Internet speed, security and other considerations
It is important to recognize what speed you need when working from home and this may not be the same for everyone. For example, if you are connecting to a Virtual Private Network (VPN), keep in mind that this will slow down your Internet connection. An average VPN can reduce your speed by 10% -30%. Not sure what speed you are currently getting? To find out, use our speed test tool below.
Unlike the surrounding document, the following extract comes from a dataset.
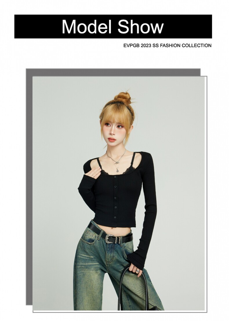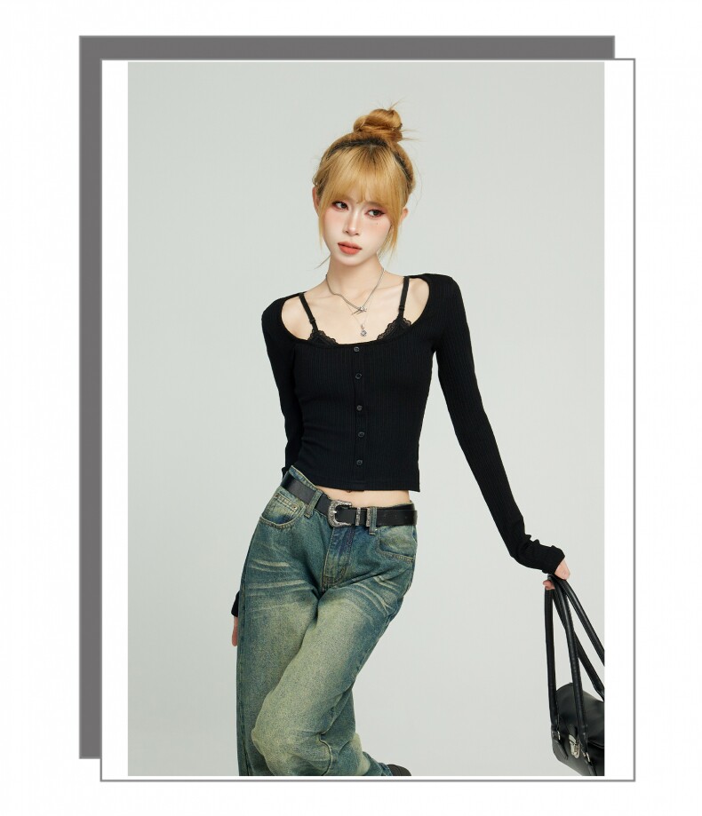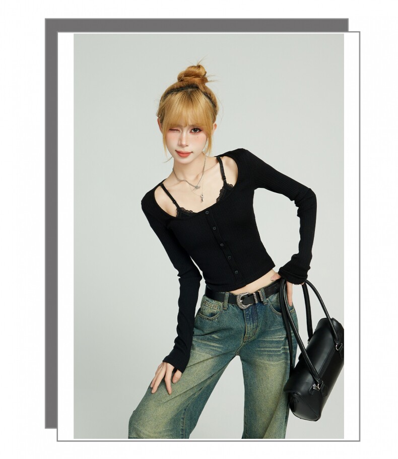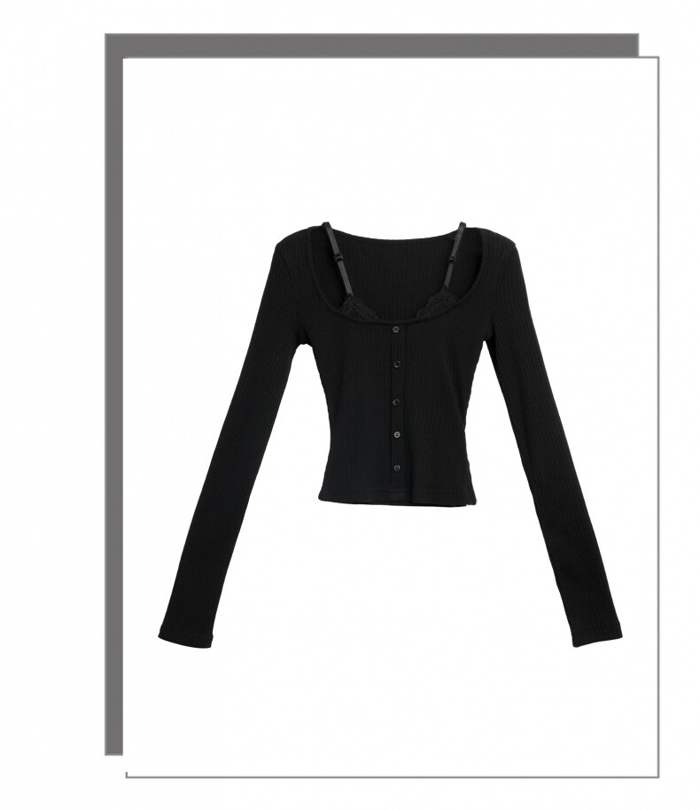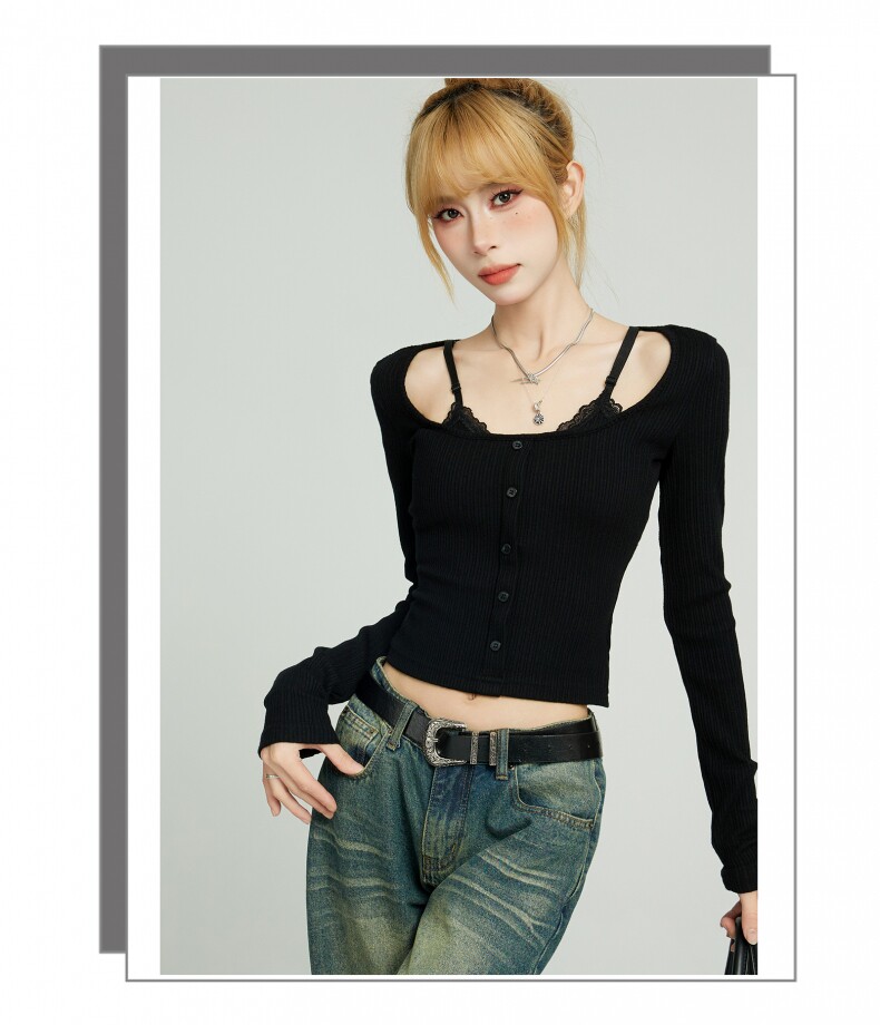 辣妹黑色假兩件蕾絲長袖t恤女早秋修身內搭打底吊帶短款上衣秋季
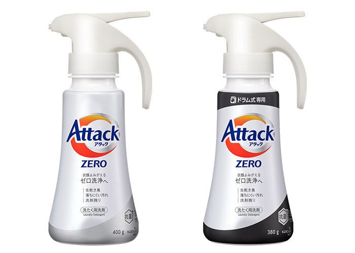 アタックシリーズのなかでもとくに反応が大きかったのが、「アタックZERO(ゼロ)」。「ワンハンドプッシュで使える手軽さ」「計量する手間が減ってうれしい」という喜びの声を見ると、家事をする人たちにとって、見えない家事が実は面倒ということがよくわかります。抗菌+(プラス)※※2になった「アタックZERO」は、24時間部屋干し臭を防ぎ、落ちにくい汚れ0(ゼロ)、生乾き臭0(ゼロ)、洗剤残り0(ゼロ)のゼロづくし。ドラム式もあるので、一度は使ってみたくなる商品です。同シリーズでは、抗菌※も消臭も洗浄も1本でOKの「アタック 3X」液体タイプや「アタック」粉末タイプなど、洗浄技術をとことん追求したラインアップが揃っています。

There are three main factors to consider when choosing Internet speed to work remotely:

Are you connected to a VPN?
Are you connecting more than one computer, or are there more than one person working at home?
Are you uploading large files, participating in video conference calls, or doing other things that require more data and speed capabilities?
Internet security when working from home
Your company may already have strict security features such as a VPN with two-factor authentication. If not, make sure you succeed by checking out these articles about securing your Internet connection.

Learn how to set up vpn
How to create a strong password
Get a more secure home internet connection
Remember, if you work from home and the internet issues are solved by you, then IT is difficult to reach. Do you know what to do if your internet stops working? Do you know how to reset your router or how to reach your Internet Service Provider (ISP) for help when needed? Here is a customer service introduction for the top ISPs in the US.

AT&T Customer Service
CenturyLink customer service
Cox Customer Service
Cross-border customer service
Spectrum customer service
Verizon customer service
Xfinity customer service
My final advice
Since you’re at home, you may feel like you’re going to be super productive. You should not be surprised or discouraged if you have all that is available in the office. There are still eight hours in the workday.

Have you run your WFH trial? If you need a quick check of the Internet in your area, or want to see what your options are, click below.